“ Scène de Moustiers ” part du général pour progresser vers le particulier, exprimé à travers deux scènes. D’une part, un événement particulier concret concerne la représentation d’un ours, de façon anecdotique sur le plan de l’énoncé. D’autre part, une autre situation particulière s’établit au niveau de l’énonciation, entre deux interlocuteurs. Mais le présent de l’indicatif n’exprime pas l’actualité de lui même : il la signifie en contexte.
C’est avant tout le contexte qui détermine la valeur temporelle du procès car il donne des instructions de temps sous la forme d’adverbes, d’adjectifs, de compléments... : “ [...] il s’agit des valeurs, non pas du verbe au présent lui-même, mais de l’énoncé dans lequel se trouve le verbe au présent.

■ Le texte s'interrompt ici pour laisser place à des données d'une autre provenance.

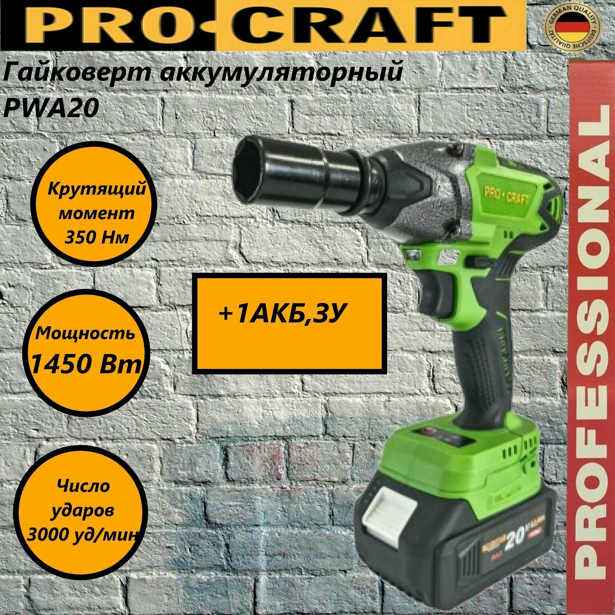 Аккумуляторный гайковерт Pro-Craft Professional PWA20. 350Нm. Аккумулятор и зарядное устройство в комплекте.
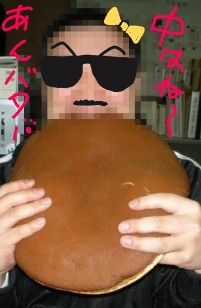 さて、話が変わりまして、先日日記でも触れました巨根、巨大どら焼き、早速UP!

En d’autres termes, ce n’est pas le verbe au présent qui signifierait expressément telle ou telle valeur temporelle, mais c’est l’énoncé au présent qui serait situé dans le temps par l’une ou l’autre de ses données énonciatives. Et par ses données énonciatives, il faut entendre soit un élément de son contexte antérieur, soit la situation énonciative elle-même dans laquelle il apparaît, soit enfin la situation référentielle désignée par son contenu ” 581 . Les deux valeurs essentielles, la particularisation et la généralisation, s’appuient ainsi sur des éléments linguistiques précis de l’énoncé : indicateurs temporels, marques de l’énonciation, composante rhétorique, détermination nominale en sont les principaux. C’est l’expression “ à tout moment ” qui déclenche une lecture généralisante, tandis que “ voici ” et “ hier ” suscitent une interprétation spécifique, signifiée également par la présence de la seconde personne du singulier. Si un seul indicateur temporel suffit parfois, c’est souvent la conjonction de plusieurs instructions de ce type qui déterminent la tendance spécifique ou la tendance générique d’une lecture.
On voit donc bien désormais comment peut se faire le passage d’un présent particulier, plus ou moins actuel si on conserve ce terme traditionnel, à un présent généralisant.
Christian Touratier, op. cit., p. 87.